Well, more if you apply than if you don't.


----------



## trappermrd

THANKS for info. i thought it was a poist syatem . it is just all luck. thanks. marty


----------



## Ande8183

I drew a bull tag for E3 after 10 years of applying. I have also heard of a lot of first timers being successful. Its all about the luck of the draw. Good luck.


----------



## HUNTNFISHND

I've been applying for the big three for 21 years now and have never drawn any of them. As was said before it's not a weighted lottery, therefore you do not get preference points. Simply the luck of the draw which I obviously have none!

I would wish you good luck but I simply can not! :lol:


----------



## NDTerminator

I've been putting in for elk, moose, & bighorn for better than 20 years.
Drew a moose tag in 1990, no joy on the others.

So being, your chances are not good at drawing any, but you can't draw at all unless you apply...


----------



## Troller1

Drew my bull tag in E-3 on the 4th year. No sheep or moose yet after 6 years. It can happen. Keep trying.


----------



## huntingdude16

Like others said, all luck. Some apply for 20 years and never get it, and people like me draw an any moose tag their third year. 

You can find out odds from previous years by e-mailing the G&F and asking for # of applicants per unit/number of tags. I determined my odds after the season was done that my odds were about 1:140 of drawing an Any moose tag.


----------



## joebobhunter4

if there are extra cow tags can you shoot one and have that not count against your once in a life time?

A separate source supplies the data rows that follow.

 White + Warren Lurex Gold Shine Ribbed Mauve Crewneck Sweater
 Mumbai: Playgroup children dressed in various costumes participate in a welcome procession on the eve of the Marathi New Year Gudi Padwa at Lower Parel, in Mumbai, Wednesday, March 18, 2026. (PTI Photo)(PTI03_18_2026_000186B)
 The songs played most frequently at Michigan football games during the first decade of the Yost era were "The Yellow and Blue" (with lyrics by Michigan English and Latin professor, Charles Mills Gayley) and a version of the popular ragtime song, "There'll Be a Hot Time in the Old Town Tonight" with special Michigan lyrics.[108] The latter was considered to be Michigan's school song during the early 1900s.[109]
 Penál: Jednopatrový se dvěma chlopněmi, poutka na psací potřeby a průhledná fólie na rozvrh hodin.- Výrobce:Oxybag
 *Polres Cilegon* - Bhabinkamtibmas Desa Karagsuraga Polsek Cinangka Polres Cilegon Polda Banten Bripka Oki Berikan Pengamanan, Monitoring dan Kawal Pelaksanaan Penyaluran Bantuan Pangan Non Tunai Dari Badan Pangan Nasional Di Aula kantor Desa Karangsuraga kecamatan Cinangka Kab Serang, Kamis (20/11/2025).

i drew a bighorn tag my 2nd year applying. so i got the hard one out of the way and hoping to have a good 60 years of applying to get the other 2!


----------



## huntingdude16

joebobhunter4 said:


> if there are extra cow tags can you shoot one and have that not count against your once in a life time?

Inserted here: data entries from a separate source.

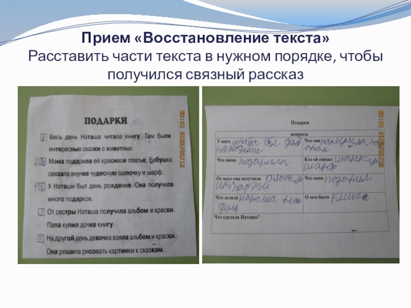 Слайд 6Прием «Восстановление текста» Расставить части текста в нужном порядке, чтобы получился связный
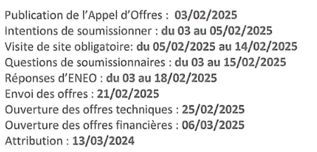 La société Eneo vous invites à déposer vos offres les meilleurs pour l’Appel d’offres en objets suivant planning ci-dessous :
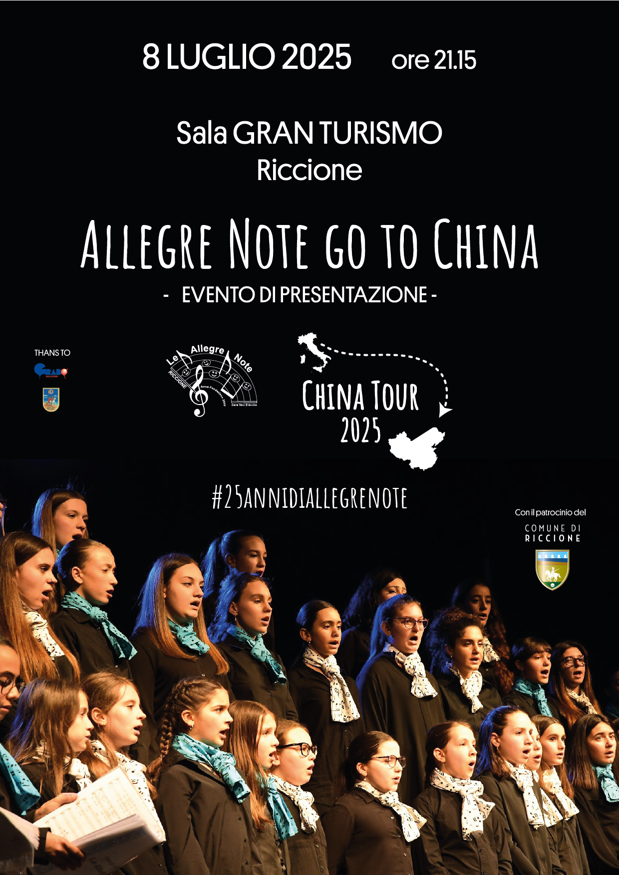 La tournée delle Allegre Note è patrocinata dal Ministero della Cultura Cinese e organizzata su segnalazione di direttori d’orchestra e solisti con cui il coro ha collaborato a lungo nel corso degli anni. Un ulteriore riconoscimento della solida reputazione che il gruppo riccionese ha saputo costruire, non solo in Italia, ma anche a livello internazionale. Dopo le prime tappe nelle metropoli di Pechino e Shanghai, il tour proseguirà in alcuni tra i più prestigiosi teatri delle città di Shijiazhuang, Yantai, Qingdao, Nanchang, Dalian, Mudanjiang e Changchun.
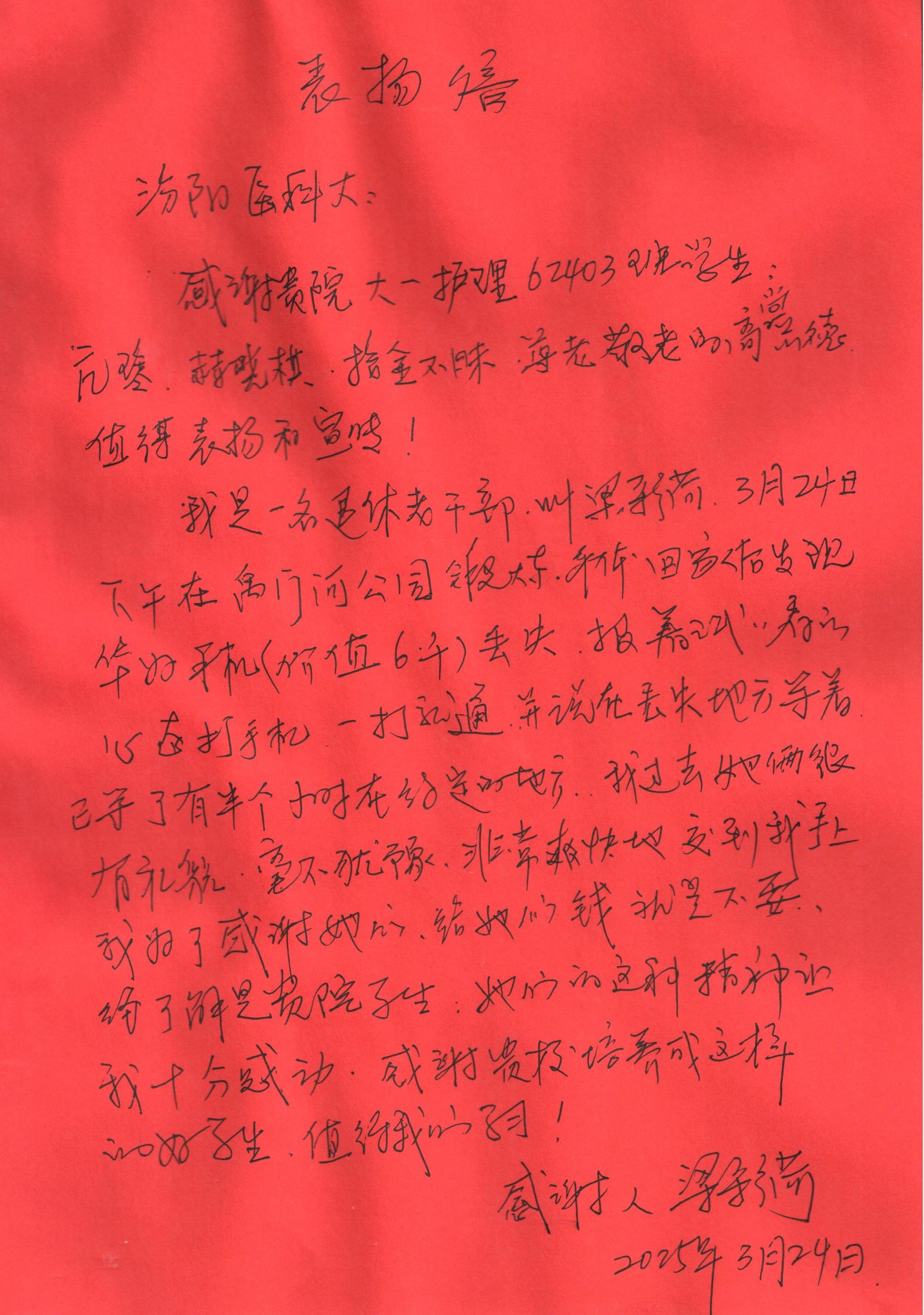2025年3月24日,SUNBET护理学系62401-10班的两名学生在禹门河公园捡到了一部价值六千元的手机。面对这笔财物,两位同学心照不宣地共同等待失主。半个小时后,失主向丢失的手机打来电话,双方取得联系。失主赶来后拿出感谢金感谢她们,她们拒绝了。不久后,失主向学校写来了感谢信表扬两位同学的拾金不昧精神。
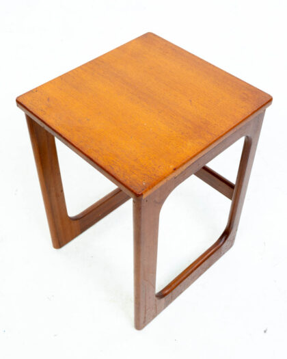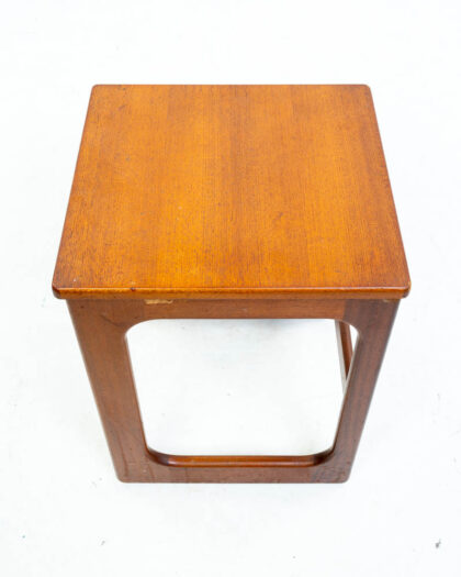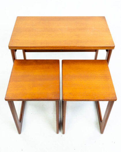 The teak wood has a warm brown hue and visible grain. The tables are in good condition with some age-related wear and slight surface marks. These nesting tables are a practical and stylish set for a living room or lounge.

No, it's still once in a lifetime.


----------



## undericeking

trappermrd said:


> I am thinking about applying for resident bull elk ND Tag. i am 50 years old this year. what are the chance of me getting a tag if i apply every year for next 12 years ? i would say at age 62 i will be to old to walk. do you think 12 yeras of points would be enough to at least have a chance to win a tag by the time i am 62 ? thanks. marty


Not this year, it's my year this year, I can feel it....


----------